Image preprocessing for OCR can be tuned via OcrConfig(tesseract_config=TesseractConfig(preprocessing=ImagePreprocessingConfig(...))) with options for target DPI, auto-rotate, deskew, denoise, contrast enhancement, and binarization method.

init

python
__init__(
*,
config: ExtractionConfig | None = None,
config_path: str | Path | None = None,
store_full_path: bool = False,
batch: bool = True,
easyocr_kwargs: dict[str, Any] | None = None
) -> None

Create a KreuzbergConverter component.

Parameters:

  • config (ExtractionConfig | None) – An optional kreuzberg.ExtractionConfig object to customize extraction behavior. Use this to set output format, OCR backend and language, force-OCR mode, per-page extraction, chunking, keyword extraction, and other kreuzberg options.

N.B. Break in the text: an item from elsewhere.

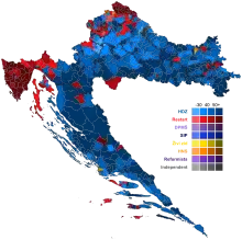 Parliamentary elections were held in Croatia on 5 July 2020.[1] They were the tenth parliamentary elections since the first multi-party elections in 1990 and elected the 151 members of the Croatian Parliament. 140 Members of Parliament were elected from geographical electoral districts in Croatia, three MPs were chosen by the Croatian diaspora and eight MPs came from the ranks of citizens registered as belonging to any of the 22 constitutionally recognized national minorities.[lower-alpha 2]

If not provided, kreuzberg's defaults are used. See the kreuzberg API reference for the full list of configuration options.
  • config_path (str | Path | None) – Path to a kreuzberg configuration file (.toml, .yaml, or .json). Cannot be used together with config.
  • store_full_path (bool) – If True, the full file path is stored in the Document metadata. If False, only the file name is stored.
  • batch (bool) – If True, use kreuzberg's batch extraction APIs, which leverage Rust's rayon thread pool for parallel processing. If False, sources are extracted one at a time.
  • easyocr_kwargs (dict[str, Any] | None) – Optional keyword arguments to pass to EasyOCR when using the "easyocr" backend. Supports GPU, beam width, model storage, and other EasyOCR-specific options. See the EasyOCR documentation for the full list of supported arguments.

to_dict

python
to_dict() -> dict[str, Any]

Serialize this component to a dictionary.

Returns:

  • dict[str, Any] – Dictionary with serialized data.

from_dict

python
from_dict(data: dict[str, Any]) -> KreuzbergConverter

Deserialize this component from a dictionary.

Parameters:

  • data (dict[str, Any]) – Dictionary to deserialize from.

Returns:

  • KreuzbergConverter – Deserialized component.

run

python
run(
sources: list[str | Path | ByteStream],
meta: dict[str, Any] | list[dict[str, Any]] | None = None,
) -> dict[str, list[Document]]

Convert files to Documents using Kreuzberg.

Parameters:

  • sources (list[str | Path | ByteStream]) – List of file paths, directory paths, or ByteStream objects to convert. Directory paths are expanded to their direct file children (non-recursive, sorted alphabetically).
  • meta (dict[str, Any] | list[dict[str, Any]] | None) – Optional metadata to attach to the Documents. This value can be either a list of dictionaries or a single dictionary. If it's a single dictionary, its content is added to the metadata of all produced Documents. If it's a list, the length of the list must match the number of sources, because the two lists will be zipped. If sources contains ByteStream objects, their meta will be added to the output Documents.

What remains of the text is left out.